* **REQUIRED WORK**
Return the lines of the data below, from the one containing "高金素梅率團體前往北京參加北" through the very last, exactly and with both ends included; no pictures.
[DATASET EXTRACT — start]
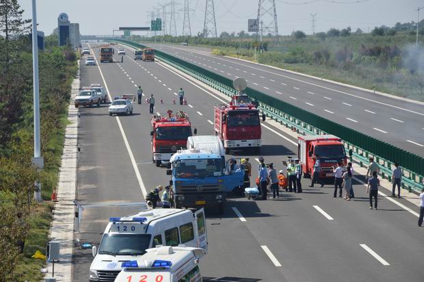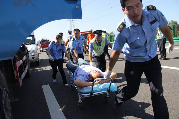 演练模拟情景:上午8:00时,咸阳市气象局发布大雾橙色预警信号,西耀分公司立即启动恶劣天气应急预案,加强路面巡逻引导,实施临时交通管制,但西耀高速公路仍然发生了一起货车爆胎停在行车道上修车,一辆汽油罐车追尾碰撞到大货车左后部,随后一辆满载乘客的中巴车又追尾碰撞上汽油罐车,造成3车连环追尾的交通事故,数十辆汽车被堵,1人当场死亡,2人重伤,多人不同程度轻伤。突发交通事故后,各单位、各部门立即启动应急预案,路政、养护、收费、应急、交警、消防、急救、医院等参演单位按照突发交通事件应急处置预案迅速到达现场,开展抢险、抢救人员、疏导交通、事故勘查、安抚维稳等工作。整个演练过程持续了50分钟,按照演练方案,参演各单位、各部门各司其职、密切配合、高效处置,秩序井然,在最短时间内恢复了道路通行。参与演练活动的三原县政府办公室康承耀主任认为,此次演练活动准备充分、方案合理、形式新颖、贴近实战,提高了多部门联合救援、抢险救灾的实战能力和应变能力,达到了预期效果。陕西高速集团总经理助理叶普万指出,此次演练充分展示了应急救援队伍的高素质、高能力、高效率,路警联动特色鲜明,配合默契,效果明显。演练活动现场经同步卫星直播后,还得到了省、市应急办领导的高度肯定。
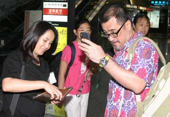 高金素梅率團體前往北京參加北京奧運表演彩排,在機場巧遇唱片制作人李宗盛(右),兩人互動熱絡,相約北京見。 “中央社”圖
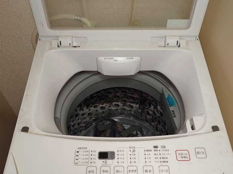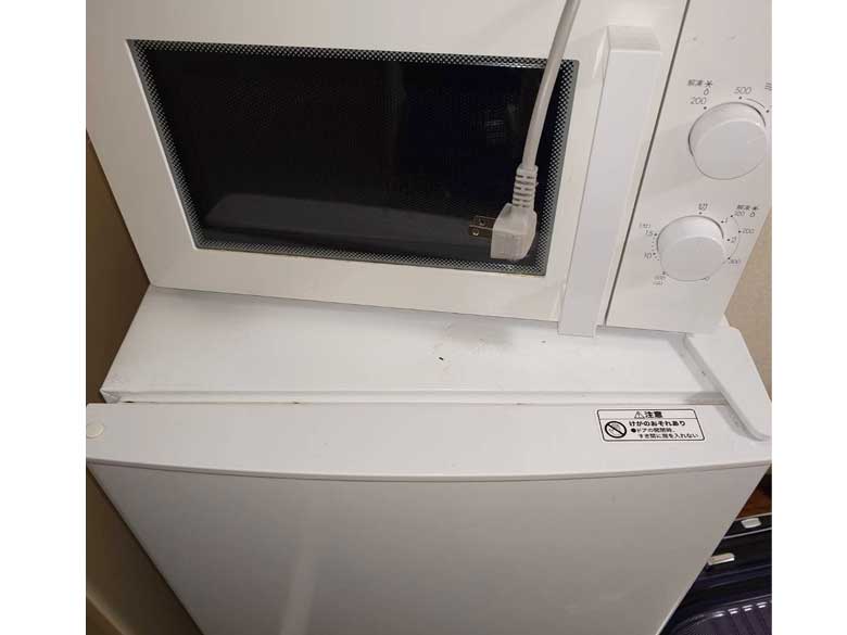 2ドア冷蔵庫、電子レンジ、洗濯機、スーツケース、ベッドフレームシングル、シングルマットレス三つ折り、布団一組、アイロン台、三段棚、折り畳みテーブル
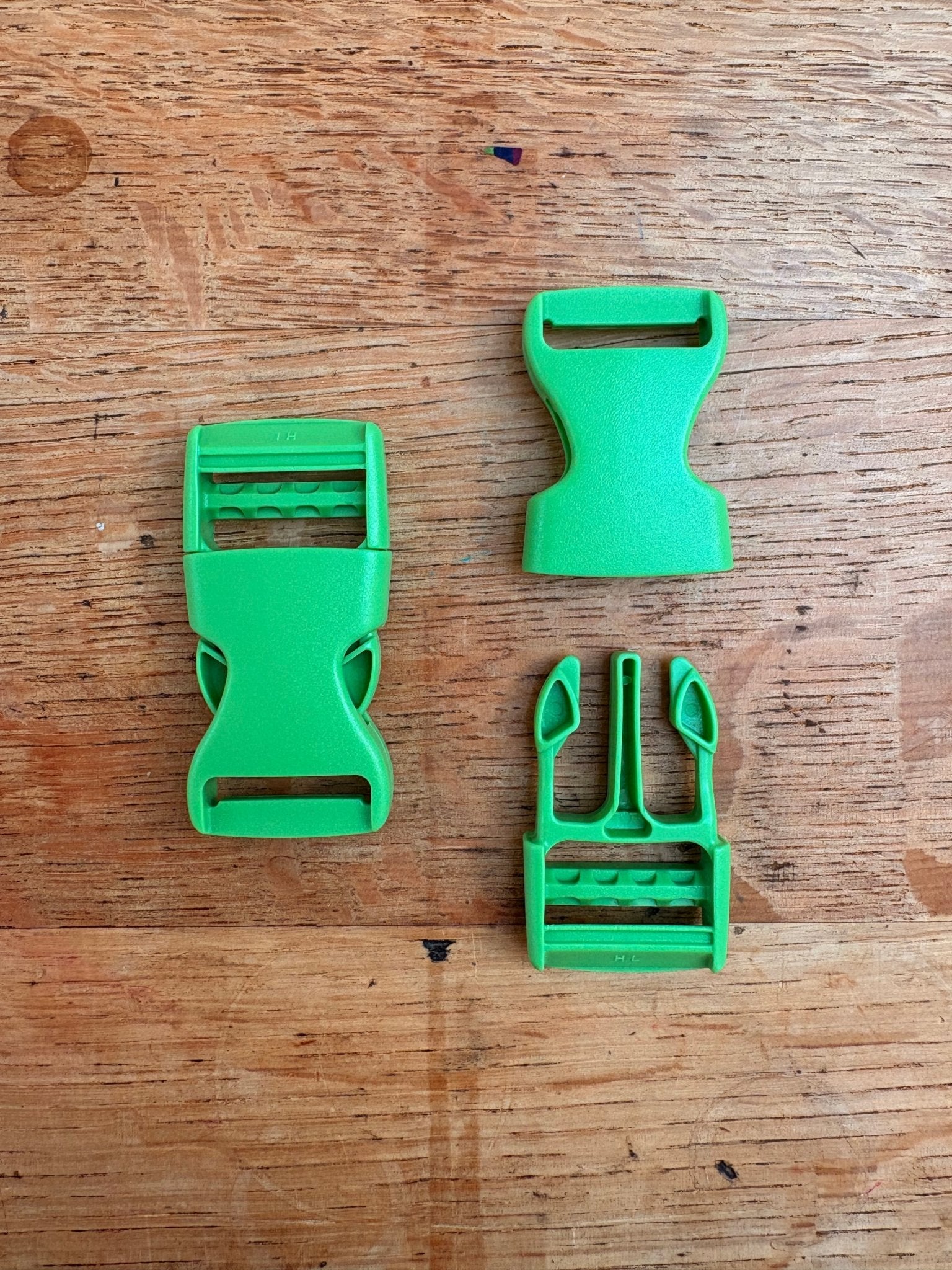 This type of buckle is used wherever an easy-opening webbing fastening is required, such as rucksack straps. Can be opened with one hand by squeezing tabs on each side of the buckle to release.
[DATASET EXTRACT — finish]
* **RESPONSE FOR THIS EXERCISE**
 高金素梅率團體前往北京參加北京奧運表演彩排,在機場巧遇唱片制作人李宗盛(右),兩人互動熱絡,相約北京見。 “中央社”圖
 2ドア冷蔵庫、電子レンジ、洗濯機、スーツケース、ベッドフレームシングル、シングルマットレス三つ折り、布団一組、アイロン台、三段棚、折り畳みテーブル
 This type of buckle is used wherever an easy-opening webbing fastening is required, such as rucksack straps. Can be opened with one hand by squeezing tabs on each side of the buckle to release.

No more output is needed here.